Mi hanno chiesto perchè cucio le foglie.
All’inizio non me lo sono chiesta nemmeno io. Semplicemente le raccoglievo e le osservavo. Mi piaceva seguire con il dito le venature, soprattutto quelle più lievi; a volte si vedevano appena.
Ho pensato che fosse bello metterle in evidenza perchè mi ricordavano un ricamo e si sa, le cose belle non vanno nascoste, almeno non ai propri occhi.
In realtà poi ho capito che quelle venature mi ricordavano il sistema circolatorio di tutti gli esseri viventi e ho cominciato a usare il filo rosso. Rosso come il sangue.
Quando sono passata al filo d’oro pensavo che c’entrasse la questione della sezione aurea (un pò c’entra), ma non è abbastanza. L’oro è un atto di omaggio, è la sacralità che si deve alla vita.

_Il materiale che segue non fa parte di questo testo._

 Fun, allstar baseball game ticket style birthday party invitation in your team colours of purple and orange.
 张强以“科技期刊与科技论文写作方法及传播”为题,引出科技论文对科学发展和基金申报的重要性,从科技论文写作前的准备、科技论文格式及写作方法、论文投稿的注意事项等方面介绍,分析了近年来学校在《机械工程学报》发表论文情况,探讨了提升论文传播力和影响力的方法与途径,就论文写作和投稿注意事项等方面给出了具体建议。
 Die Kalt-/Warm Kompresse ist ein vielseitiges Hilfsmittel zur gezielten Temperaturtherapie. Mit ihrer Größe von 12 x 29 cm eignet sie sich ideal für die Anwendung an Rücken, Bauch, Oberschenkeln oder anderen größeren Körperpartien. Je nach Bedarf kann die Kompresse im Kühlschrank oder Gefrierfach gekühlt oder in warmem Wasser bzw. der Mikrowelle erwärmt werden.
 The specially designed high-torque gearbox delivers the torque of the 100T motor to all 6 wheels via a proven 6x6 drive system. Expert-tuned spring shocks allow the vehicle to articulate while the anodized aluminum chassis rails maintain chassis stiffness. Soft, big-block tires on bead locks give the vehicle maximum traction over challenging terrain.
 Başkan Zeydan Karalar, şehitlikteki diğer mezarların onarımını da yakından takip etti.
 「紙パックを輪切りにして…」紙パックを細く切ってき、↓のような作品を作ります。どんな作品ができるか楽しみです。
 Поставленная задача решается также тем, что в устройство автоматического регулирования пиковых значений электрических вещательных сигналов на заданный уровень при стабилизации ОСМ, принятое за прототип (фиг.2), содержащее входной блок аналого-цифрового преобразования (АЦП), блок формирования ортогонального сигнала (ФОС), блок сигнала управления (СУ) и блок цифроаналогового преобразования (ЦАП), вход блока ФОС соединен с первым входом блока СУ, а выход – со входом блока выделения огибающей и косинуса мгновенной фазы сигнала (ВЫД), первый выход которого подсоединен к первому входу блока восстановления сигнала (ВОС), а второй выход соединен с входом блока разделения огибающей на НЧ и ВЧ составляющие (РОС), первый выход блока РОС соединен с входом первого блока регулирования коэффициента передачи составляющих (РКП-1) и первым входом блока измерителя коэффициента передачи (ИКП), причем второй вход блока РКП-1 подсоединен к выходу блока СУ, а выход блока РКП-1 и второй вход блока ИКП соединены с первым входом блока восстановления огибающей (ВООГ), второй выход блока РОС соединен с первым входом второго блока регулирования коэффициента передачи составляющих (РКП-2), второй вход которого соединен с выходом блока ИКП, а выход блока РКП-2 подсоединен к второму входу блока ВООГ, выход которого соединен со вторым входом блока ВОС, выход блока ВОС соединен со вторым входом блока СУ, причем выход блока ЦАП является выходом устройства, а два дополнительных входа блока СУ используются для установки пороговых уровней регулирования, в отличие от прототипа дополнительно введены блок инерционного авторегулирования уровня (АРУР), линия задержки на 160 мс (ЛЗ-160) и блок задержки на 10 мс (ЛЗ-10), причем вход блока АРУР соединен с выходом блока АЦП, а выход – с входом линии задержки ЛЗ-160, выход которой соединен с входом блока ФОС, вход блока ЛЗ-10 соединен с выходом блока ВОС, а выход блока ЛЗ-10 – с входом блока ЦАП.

Non stacco le foglie dall’albero, io le raccolgo quando ormai sono alla fine del loro ciclo vitale. Pronte per essere dimenticate. Questo mi rattrista.

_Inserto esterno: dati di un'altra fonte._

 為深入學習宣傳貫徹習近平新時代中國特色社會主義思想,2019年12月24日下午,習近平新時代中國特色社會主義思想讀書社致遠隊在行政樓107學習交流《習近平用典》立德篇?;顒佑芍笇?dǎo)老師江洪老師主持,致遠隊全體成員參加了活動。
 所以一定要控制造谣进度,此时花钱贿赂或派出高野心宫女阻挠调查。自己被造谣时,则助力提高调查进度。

Se si potessero ricamare i corpi dei miliardi di persone vissute e ormai dimenticate, non sarebbe male. Avrebbe più senso aver vissuto. Rimarrebbe qualcosa di quel fluire nelle vene e nel tempo. Penso che quello che ci racconta meglio siano proprio i segni: le ramificazioni dei vasi sanguigni, i solchi delle rughe e delle pieghe sulla pelle, i disegni sui palmi delle mani… Sangue e pelle.
Le foglie forse sono un simbolo. Ma in fondo non siamo così diversi: viviamo e ci spegniamo entrambi.